Converse of Bolzano-Weierstrass theorem

Bolzano-Weierstrass theorem states that every bounded sequence has a limit point. But, the converse is not true.

That is, there are some unbounded sequences which have a limit point. In my course book, I found an example for this claim, but it doesn't make sense.

Here's the example give in the book: The set: {1, 2, 1, 4, 1, 6, ...} is unbounded, but has a limit point of 1. I can't understand how this set has a limit point as 1. According to the book definition of limit point, 'x' is the limit point of a sequence, if every neighborhood of 'x' has infinitely many elements of the sequence. If I apply it here, then I get only infinity as the limit point. Am I missing something?


It seems there is some confusion between sets and sequences. In this example, what you have written as "{1, 2, 1, 4, 1, 6, ...}" is not meant to be a set but rather a sequence $(a_n)$ with $a_0=1,a_1=2,a_2=1,a_3=4,\dots$.

In particular, then, when we say a point $x$ is a limit point of $(a_n)$, this means that for every neighborhood $U$ of $x$, there exist infinitely many $n\in\mathbb{N}$ such that $a_n\in U$. It does not mean there are infinitely many different numbers in the sequence which are in $U$, since these values of $a_n$ for different $n$ might actually be the same. So in this case, since every neighborhood of $1$ contains $1$, it contains $a_0,a_2,a_4,\dots$, and so $1$ is a limit point of the sequence.

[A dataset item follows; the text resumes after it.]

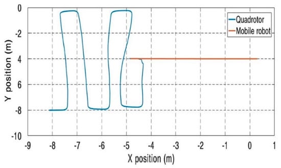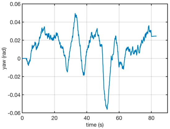 The flight data have been recorded and fed over the wireless connection into the computer running ROS and the recorded 2D and 3D trajectories of the quadrotor and the mobile robot are presented in Figure 16 and Figure 17, respectively, showing the successful landing on the moving target. In addition, the roll, pitch and yaw angles are presented in Figure 18, Figure 19 and Figure 20, respectively. It can be noted that the quadrotor has taken off and followed the predefined exploration trajectory to search for the moving landing platform whilst the tracking algorithm is executed. The platform was then detected and the quadrotor started to follow a gradual descending trajectory for a smooth landing on the moving platform. The recorded angles of the quadrotor system are bounded, showing the robustness and feasibility of the proposed intelligent controller.
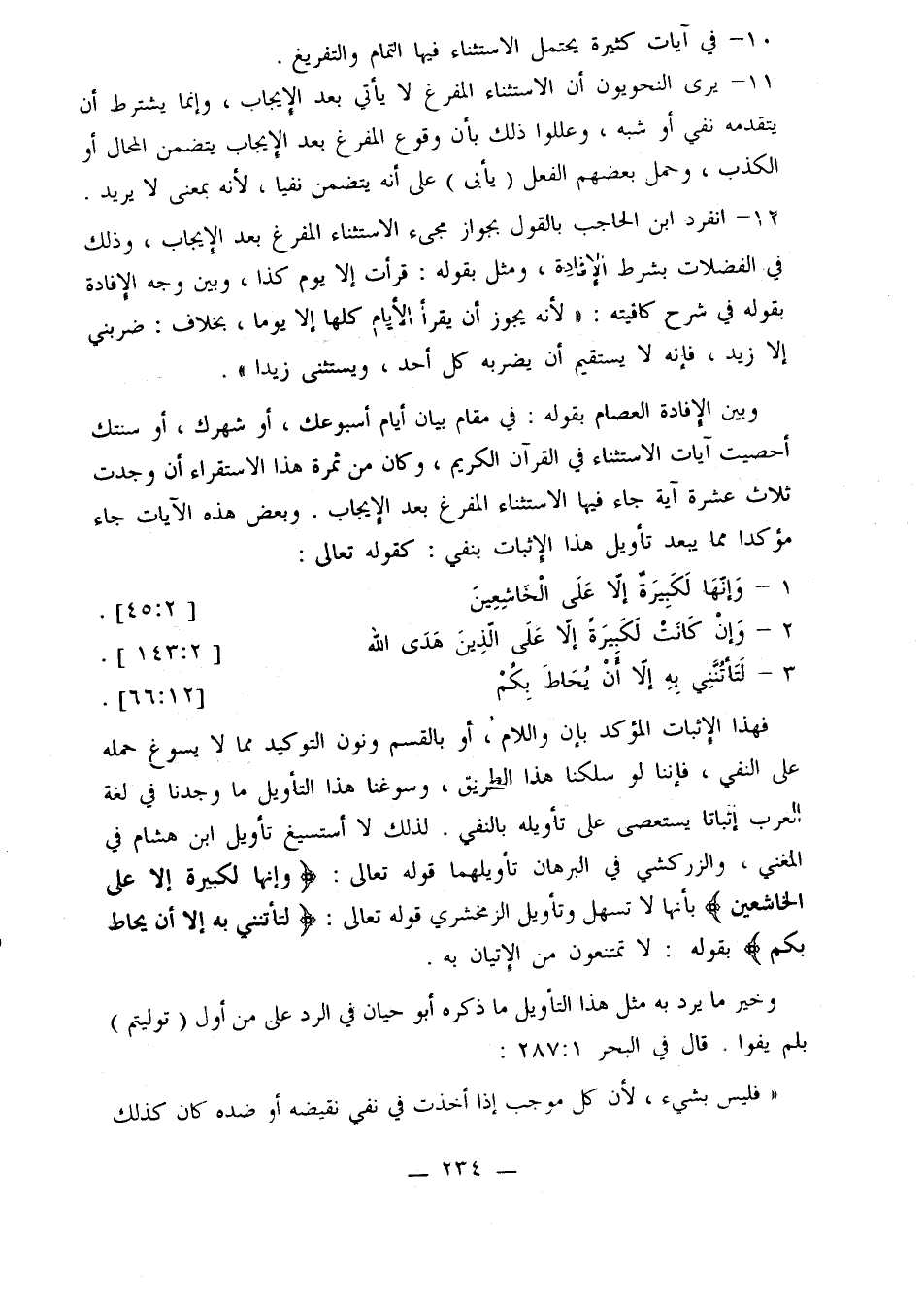 وبين الإفادة العصام بقوله: في مقام بان أيام أسبوعك، أو شهرك، أو سنتك أحصيت آيات الاستثناء في القرآن الكريم، وكان من ثمرة هذا الاستقراء أن وجدت ثلاث عشرة آية جاء فيها الاستثناء المفرغ بعد الإيجاب، وبعض هذه الآيات جاء مؤكدا مما يبعد تأويل هذا الإثبات بنفي: كقوله تعالى:

(In contrast, $1$ is not a limit point of the set $\{1, 2, 1, 4, 1, 6, \dots\}=\{1, 2, 4, 6, \dots\}$ because $(0,2)$ is a neighborhood of $1$ that contains only one element of this set, namely $1$.)


We have

$$a_n = \begin{cases} 1, & n \text{ is odd} \\ n, & n \text{ is even}\end{cases}$$

$1$ appears infinitely often. Hence there is a subsequence that always take value $1$. That subsequence converges to $1$. Hence $1$ is a limit to the subsequence.